The Center of Excellence for Consumer Financial Lives in Transition work has focused on life transitions less visible to the financial services industry. Through our work we have uncovered two more less visible transitions rooted in familial relationships.

What does it mean to make a financial transition? When we started the Center of Excellence for Consumer Financial Lives in Transition, we decided to define the term broadly. We knew that you, the folks who work in credit unions and care about your members’ financial health, were keenly attuned to transitions such as retiring and purchasing a home. We decided to focus on transitions that live outside of the typical financial “boxes,” transitions that are often less visible to the financial services industry. In setting our research agenda, we created three areas of focus: costs of health care, criminal justice involvement, and the changing nature of work.

Through our conversations with you and our engagements with other experts, we’ve uncovered more of these less visible transitions, and our work has grown even more interesting and complex. In this post I’ll be writing about two additional transitions—the transition young adults go through as they are becoming independent from their parents and caregivers, and the transition older adults undergo as they become increasingly dependent on their children.
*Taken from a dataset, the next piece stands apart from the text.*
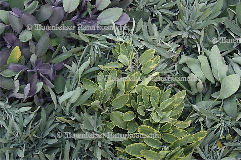 Aus unserem Bergkräutergarten haben wir Ihnen eine Komposition aus verschiedenen Salbeiarten zusammengestellt. Da gibts welche mit roten Blättern, blau-grünen Blättern, spitz-oval, kleinblättrig – ein regelrechtes Sammelsurium aus der großen Salbeifamilie. Und jede Destillation ist wieder anders durch die unterschiedlichen Anteile der verschiedenen Salbeiarten. Angenehmer Salbeiduft - man spürt die Vielfalt der Sorten.

1. Young Adult Independence

One of our recent events featured NYU scholar Kate Zaloom, who studies the financial behavior of families who are preparing to send their children to college. We invited Dr. Zaloom because many of you had already expressed an interest in this age group and had questions about the transitions young people go through when they’re leaving their parents’ homes and establishing themselves as independent adults.
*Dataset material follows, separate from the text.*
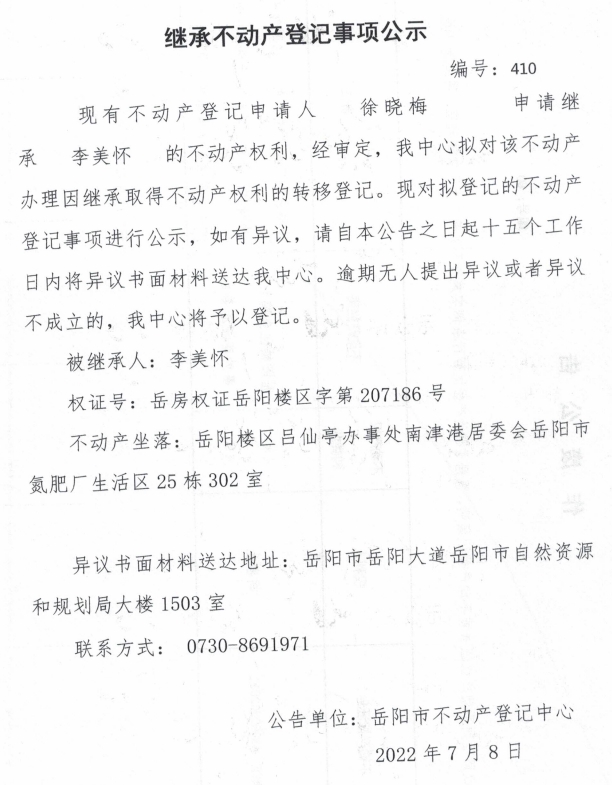 继承不动产登记公示 编号:徐晓梅

Whether or not they attend college, young adults who are entering the workforce face incredible challenges to achieving financial health.

Whether or not they attend college, young adults who are entering the workforce face incredible challenges to achieving financial health. The typical college graduate is saddled with an unprecedented amount of student debt. Those without a college degree are less likely to find a job that pays a living wage and comes with solid benefits such as health insurance. Despite these formidable obstacles to financial stability, young adults want to be able to purchase a home, save for retirement, provide for their children, and achieve work life balance. The parents of these young adults often feel the pressure to step in and help with student loans, a down payment on a house, and/or childcare for their grandchildren. But they, too, may feel strapped. In my research with payday loan providers, I met many parents of adult children who sacrifice their own financial health in order to help their children and grandchildren.

2. Older Adult Dependence

Dr. Zaloom’s work also exposes another transition that we tend to overlook—the moment when adult children step in to help their elderly parents navigate that period between retirement and end of life. During this phase, the elderly parent may still be living on their own but need help navigating medical decisions, living arrangements, and financial decisions as their needs change. Adult children may begin to accompany them to medical appointments, provide or arrange for some assistance with cleaning and errands, and step in to pay bills. What is the effect on that adult child’s financial stability when she (it’s almost always a “she”) takes on the responsibility for her parents’ care?
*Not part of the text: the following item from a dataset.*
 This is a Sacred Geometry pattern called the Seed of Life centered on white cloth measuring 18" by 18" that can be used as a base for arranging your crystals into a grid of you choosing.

Dr. Zaloom’s work also exposes another transition that we tend to overlook—the moment when adult children step in to help their elderly parents navigate that period between retirement and end of life.

What’s interesting is that both of these transitions involve relationships between parents and children. We typically deal with financial issues at the individual or sometimes household level, but these two transitions often involve two households or more. And the households might not be geographically close. Grandparents sometimes travel long distances to provide childcare when one of their adult children is ill or needs to travel for work. Adult children similarly travel to help their elderly parents recover from a medical procedure or help them navigate a move. We still lack a good understanding of how finances, and financial decision-making, exist across households

Shifting Our Perspective

As a researcher, I find these moments of transition fascinating and worthy of study. But for credit unions, I see them as a call to action. How can credit unions reimagine what they offer in a way that takes these cross-household, intergenerational relationships into account? Think about using these two moments of transition as a lens. When you look through it, ask yourself: How does looking through this lens affect your marketing strategy? The design of your products and services? The way you train and equip front line staff?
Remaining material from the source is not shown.